Activity: Please, without any pictures, set down exactly the part of the listing below that opens with the line containing "Se permite establecer" and closes with the line containing "然后我们决定将六个帐篷把它结".

Data records:
*** Block opens ***

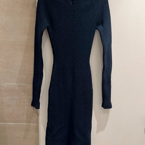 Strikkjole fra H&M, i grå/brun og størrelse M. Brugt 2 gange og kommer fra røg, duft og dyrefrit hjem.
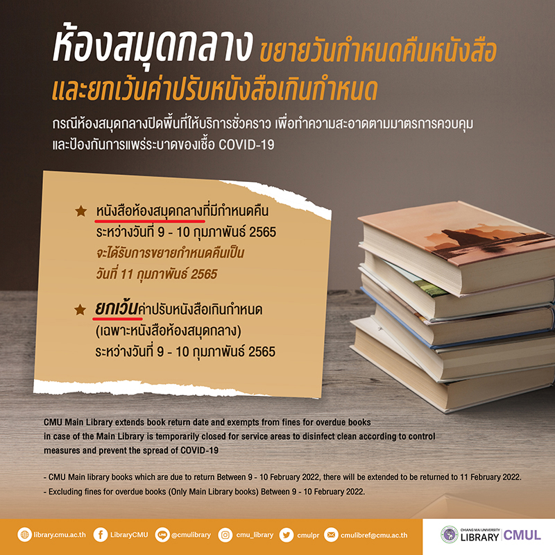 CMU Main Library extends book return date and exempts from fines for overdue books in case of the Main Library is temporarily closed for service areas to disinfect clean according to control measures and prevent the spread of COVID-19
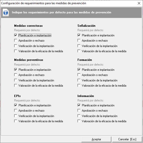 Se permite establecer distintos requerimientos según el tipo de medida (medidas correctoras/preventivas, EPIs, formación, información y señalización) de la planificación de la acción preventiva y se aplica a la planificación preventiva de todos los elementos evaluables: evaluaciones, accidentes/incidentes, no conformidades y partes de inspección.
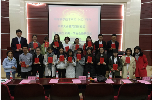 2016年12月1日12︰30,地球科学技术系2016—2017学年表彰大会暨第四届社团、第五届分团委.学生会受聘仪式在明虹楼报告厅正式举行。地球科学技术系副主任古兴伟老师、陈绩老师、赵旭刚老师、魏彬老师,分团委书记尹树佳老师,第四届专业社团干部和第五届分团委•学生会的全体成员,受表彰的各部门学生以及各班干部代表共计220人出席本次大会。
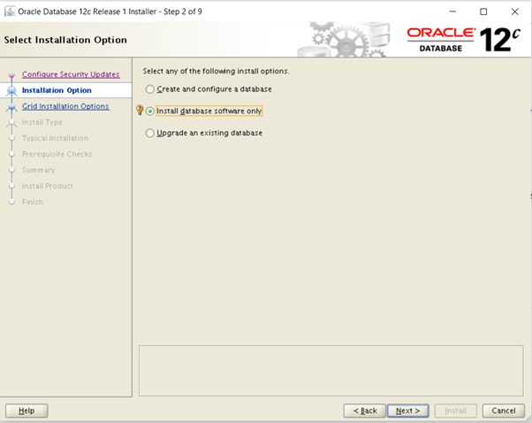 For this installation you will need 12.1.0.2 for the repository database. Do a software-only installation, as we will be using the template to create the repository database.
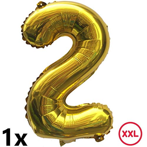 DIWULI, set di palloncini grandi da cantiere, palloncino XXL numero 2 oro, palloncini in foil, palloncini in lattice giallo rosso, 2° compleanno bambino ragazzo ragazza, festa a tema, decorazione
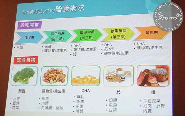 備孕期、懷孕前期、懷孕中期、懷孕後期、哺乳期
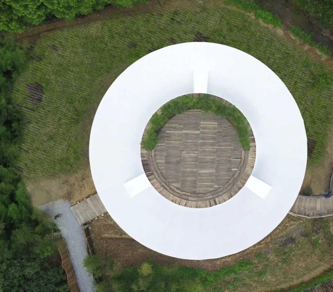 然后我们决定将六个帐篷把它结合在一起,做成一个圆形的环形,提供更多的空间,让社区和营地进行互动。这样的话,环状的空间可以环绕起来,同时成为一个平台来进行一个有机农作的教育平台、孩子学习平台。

*** Block closes ***
*** Block opens ***

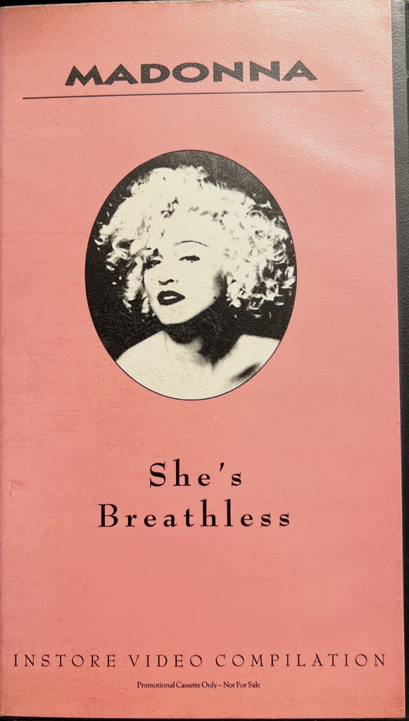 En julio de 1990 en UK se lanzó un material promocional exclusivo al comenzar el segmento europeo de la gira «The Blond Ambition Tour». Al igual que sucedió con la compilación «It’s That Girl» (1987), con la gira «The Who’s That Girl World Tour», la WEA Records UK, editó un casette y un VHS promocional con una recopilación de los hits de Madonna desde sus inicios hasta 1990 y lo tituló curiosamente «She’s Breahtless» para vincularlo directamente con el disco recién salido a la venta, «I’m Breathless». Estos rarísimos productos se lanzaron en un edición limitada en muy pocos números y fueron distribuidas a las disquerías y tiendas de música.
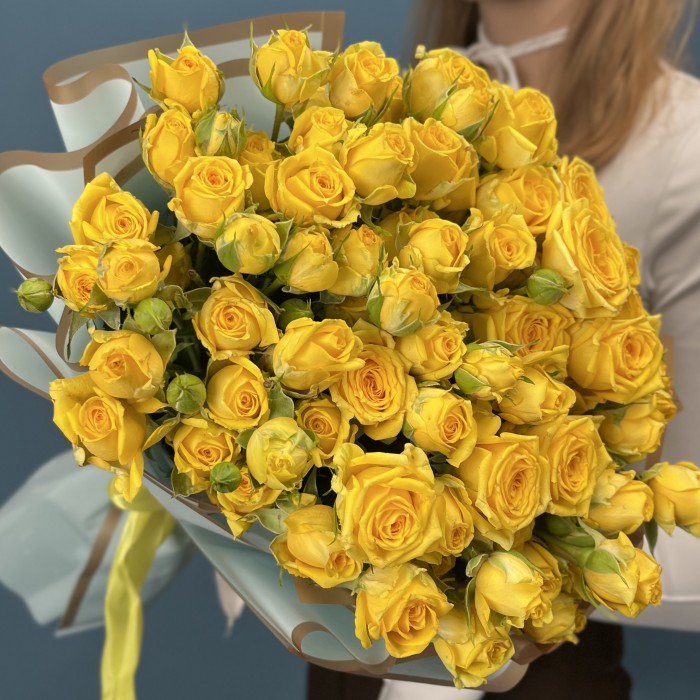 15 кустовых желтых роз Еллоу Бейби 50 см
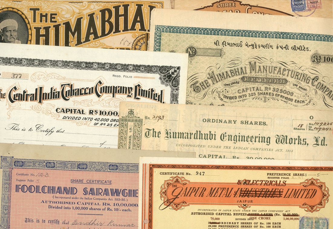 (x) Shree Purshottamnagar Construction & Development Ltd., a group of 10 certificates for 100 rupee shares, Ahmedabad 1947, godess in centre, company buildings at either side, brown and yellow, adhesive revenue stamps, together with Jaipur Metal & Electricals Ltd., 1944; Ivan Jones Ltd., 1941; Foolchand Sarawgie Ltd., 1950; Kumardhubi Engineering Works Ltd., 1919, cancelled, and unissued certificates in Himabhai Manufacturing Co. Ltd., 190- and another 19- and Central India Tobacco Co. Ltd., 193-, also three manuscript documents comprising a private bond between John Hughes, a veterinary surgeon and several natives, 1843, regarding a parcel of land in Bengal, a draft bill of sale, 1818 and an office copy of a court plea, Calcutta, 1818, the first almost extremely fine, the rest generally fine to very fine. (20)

*** Block closes ***

Reply to the task:
 Se permite establecer distintos requerimientos según el tipo de medida (medidas correctoras/preventivas, EPIs, formación, información y señalización) de la planificación de la acción preventiva y se aplica a la planificación preventiva de todos los elementos evaluables: evaluaciones, accidentes/incidentes, no conformidades y partes de inspección.
 2016年12月1日12︰30,地球科学技术系2016—2017学年表彰大会暨第四届社团、第五届分团委.学生会受聘仪式在明虹楼报告厅正式举行。地球科学技术系副主任古兴伟老师、陈绩老师、赵旭刚老师、魏彬老师,分团委书记尹树佳老师,第四届专业社团干部和第五届分团委•学生会的全体成员,受表彰的各部门学生以及各班干部代表共计220人出席本次大会。
 For this installation you will need 12.1.0.2 for the repository database. Do a software-only installation, as we will be using the template to create the repository database.
 DIWULI, set di palloncini grandi da cantiere, palloncino XXL numero 2 oro, palloncini in foil, palloncini in lattice giallo rosso, 2° compleanno bambino ragazzo ragazza, festa a tema, decorazione
 備孕期、懷孕前期、懷孕中期、懷孕後期、哺乳期
 然后我们决定将六个帐篷把它结合在一起,做成一个圆形的环形,提供更多的空间,让社区和营地进行互动。这样的话,环状的空间可以环绕起来,同时成为一个平台来进行一个有机农作的教育平台、孩子学习平台。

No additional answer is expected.